You’re absolutely right about this:

I think you should share your concerns with the department chair. It would be perfectly reasonable to ask that your comments be kept anonymous. Also, you should suggest that other students who are having trouble with this policy should complain also. One student bitching about a professor’s behavior can be dismissed as a whiner. If several are complaining, it’s much more likely that you’ll be taken seriously. Check your student handbook for procedures for complaining about professors, and if the chair tries to blow you off, be sure that he knows that you know what the next level of escalation is.

I’m surprised that the professor didn’t find a substitute or simply cancel the class for that day. Make up classes? Sorry, no. I worked my day-to-day schedule around some things (like school) with the expectation that they would be consistent for the next 16 weeks.

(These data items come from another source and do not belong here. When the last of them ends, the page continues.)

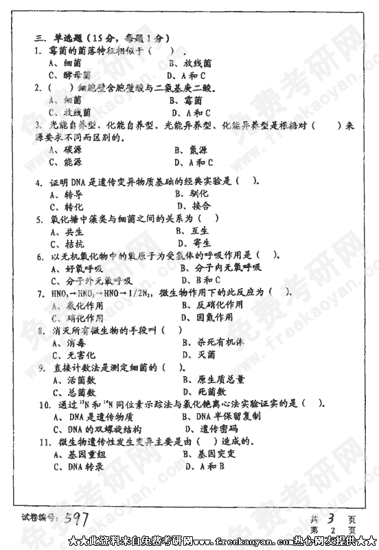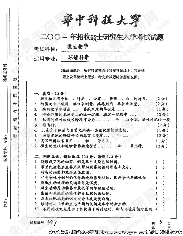 华中科技大学2002年硕士研究生入学考试微生物学B
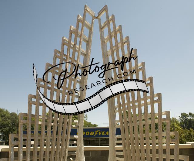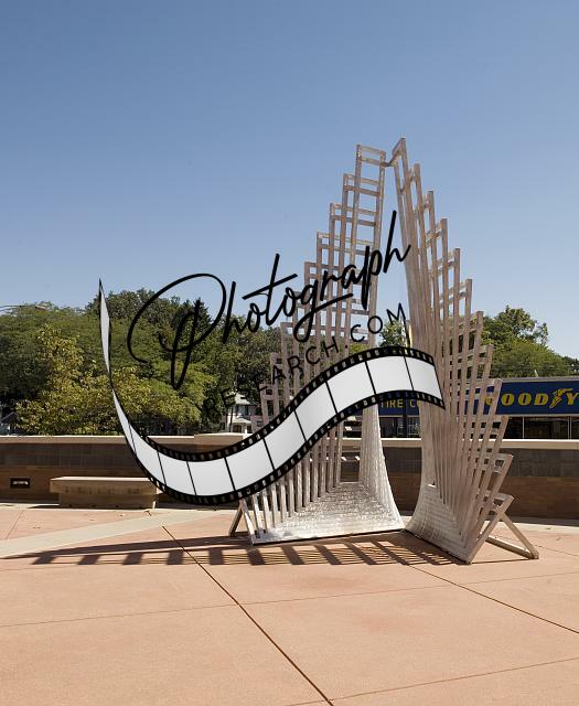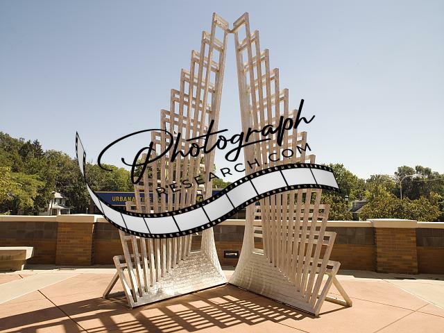 Title: Sculpture 'Sky Cathedral' at entrance plaza of Federal Building and U.S. Courthouse, Urbana, Illinois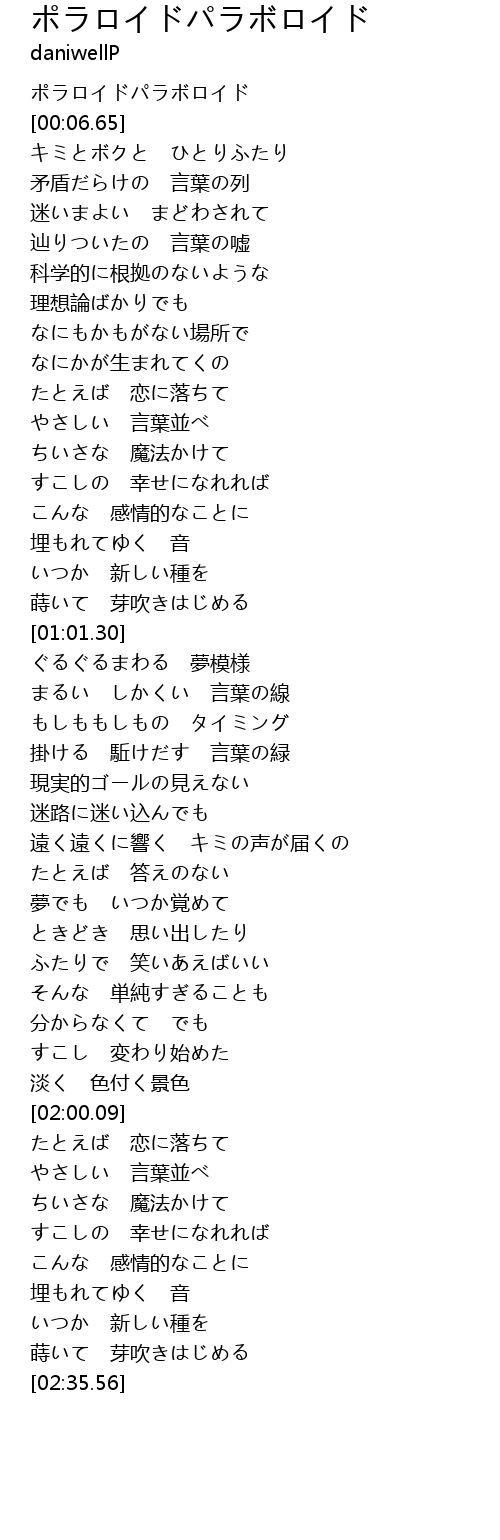 | [01:12.54] | ぐるぐるまわる 夢模様 |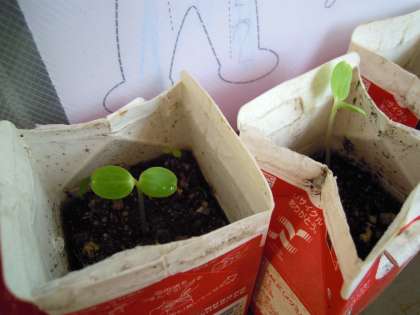 ゴールデンウイーク前に植えたホウセンカとヒマワリの芽がでてきました。
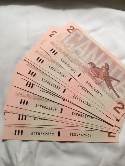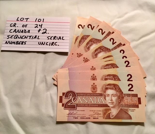 CANADIAN, GR OF 24, 2 DOLLAR BILLS, SEQUENTIAL SERIAL NUMBERS, UNCIRCULATED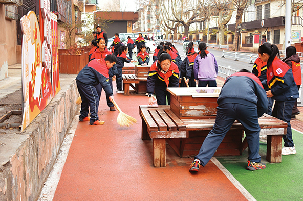 晋城市城区凤台小学雨墨学雷锋志愿服务队的孩子们在社区小游园义务清扫。山西日报记者 王天晓 摄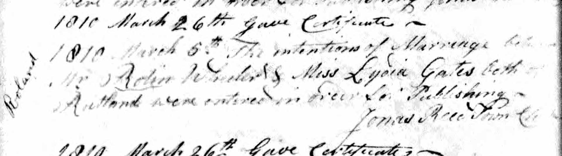 Marriage Record of Lydia Gates and Rowland Wheeler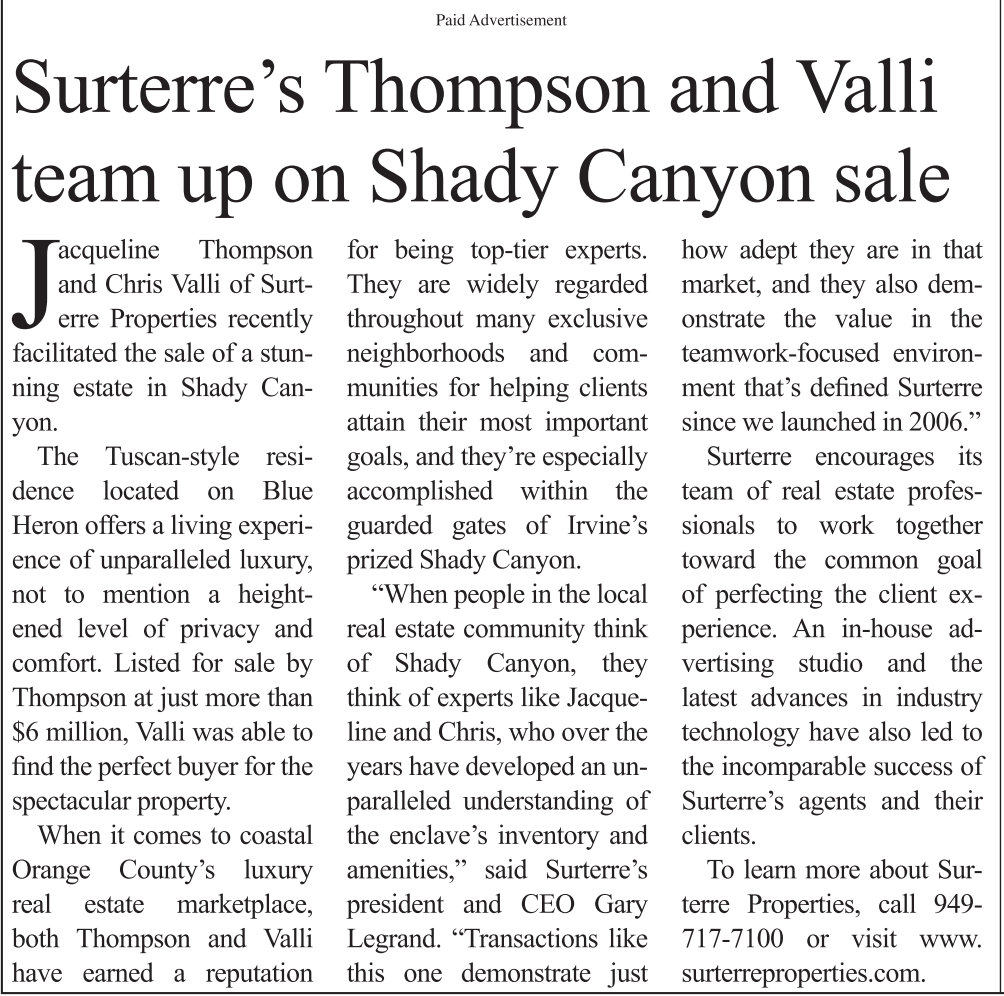 Thompson and Chris Valli of Surterre Properties recently facilitated the sale of a stunning estate in Shady Canyon.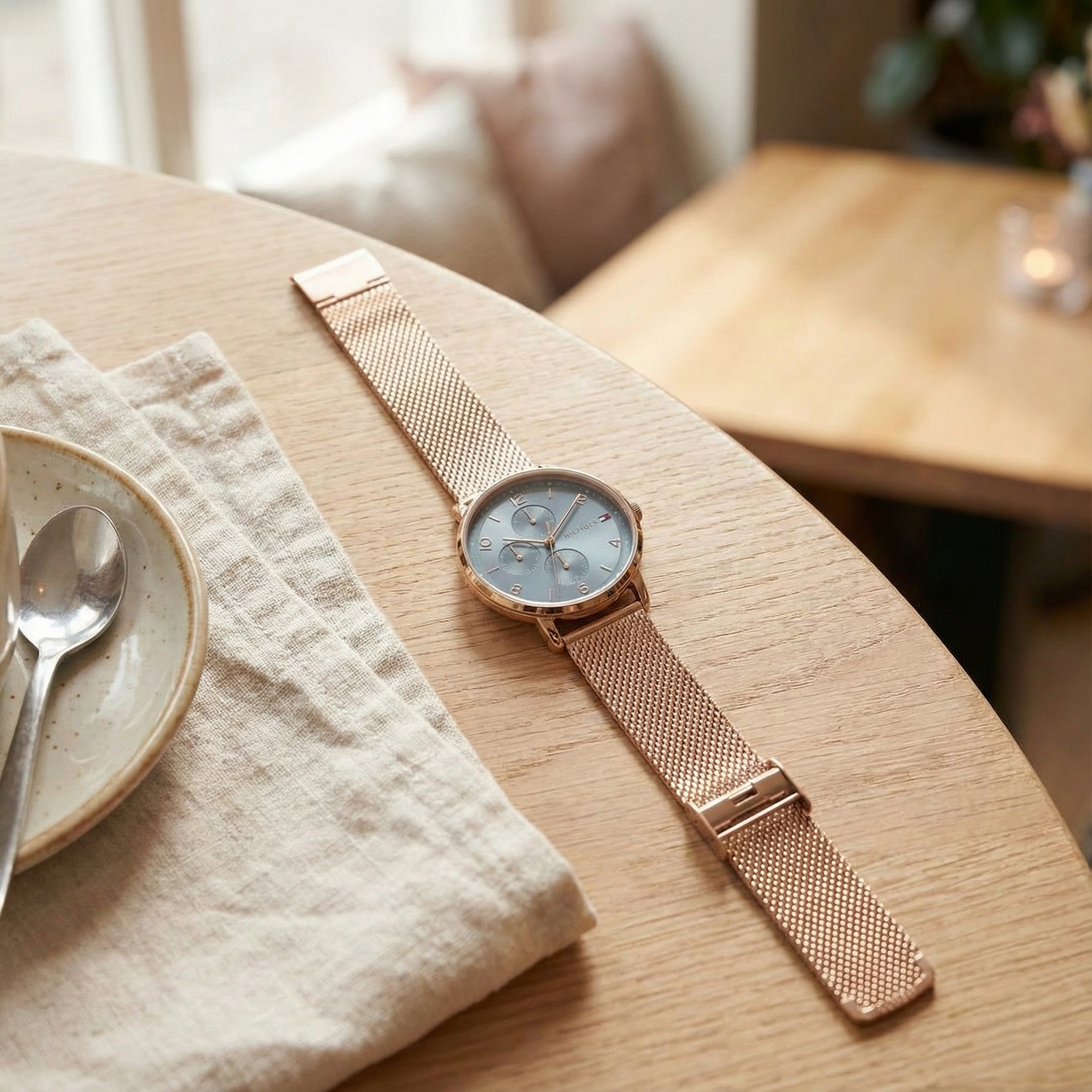 features a unique blue-grey dial paired with a luxurious rose-gold stainless-steel mesh bracelet.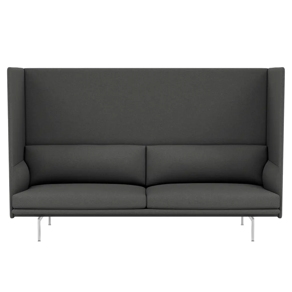 Outline Highback’s room-within-a-room proportions get their tallest take in Muuto’s large 3-seater version designed for conversation and collaboration. Along with its soft, deeply proportioned comfort and privacy-zone profile, the unit offers a customizing range of upholstery choices and either polished or black aluminum legs to suit myriad open-plan environs.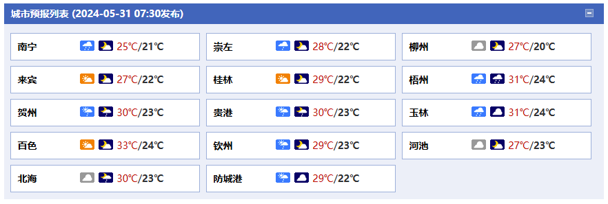 廣西氣象臺31日05時(shí)發(fā)布預(yù)報(bào):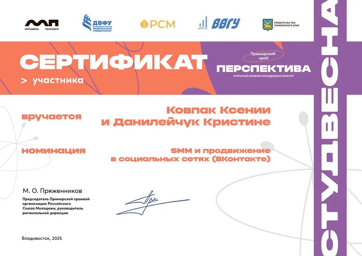 Перспектива - открытый краевой конкурс, номинация СММ | Городской, краевой | 03.04.2025 - 03.04.2025 | Участник |
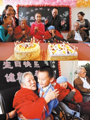 走进昔日简朴的社区居委会办公楼,邻居们发现这里早被布置成了一个温馨的生日Party现场——气球、鲜花、水果、蛋糕、音乐。在大厅里,93岁的王奶奶在老伴和儿子的陪同下坐在布置温馨的会场中,一脸幸福。就在王奶奶的旁边,满头银发的曾奶奶在居委会胡主任的陪同下满眼期待,看得出两位寿星都很开心。来自居委会、社区居民等30多人参加了生日会。

I had enough aggrivation with the play I’m in when I found out at the last minute I would have to come in earlier even though the schedule made no mention of this. Since I have to schedule my work availability a month in advance, it meant I had to have several co-workers cover for me/trade shifts just to make sure I could still do everything I was supposed to. :mad:

Easter Monday is a civic holiday. The rest of the university was closed; the professor had to have the door specially unlocked.

Ahh. Thank you for relieving me of a certain amount of ignorance. :slight_smile: Is that true all over Canada, or is that a Québec thing (it’s mostly Catholic, right?)

For that matter, Anglicanism is “mostly Catholic.” rimshot

Last semester I took a linguistics course. My poor professor was having probably one of the worst times of her life (her cancer came out of remission, she was undergoing lots of chemo, she broke her hand, her father fell ill…) and my TA was having terrible back problems and also had to fly all around the country to speak at conferences. Class was cancelled every other day, pretty much. When the end of the semester came near, the prof scheduled a make-up class for a weekday evening, and promised to provide audio tapes of the lecture for anyone who couldn’t make it. Four of us (out of a class of about 50) showed up. We sat in the room for about 15 minutes, and then the TA showed up to tell us that the make-up class was cancelled.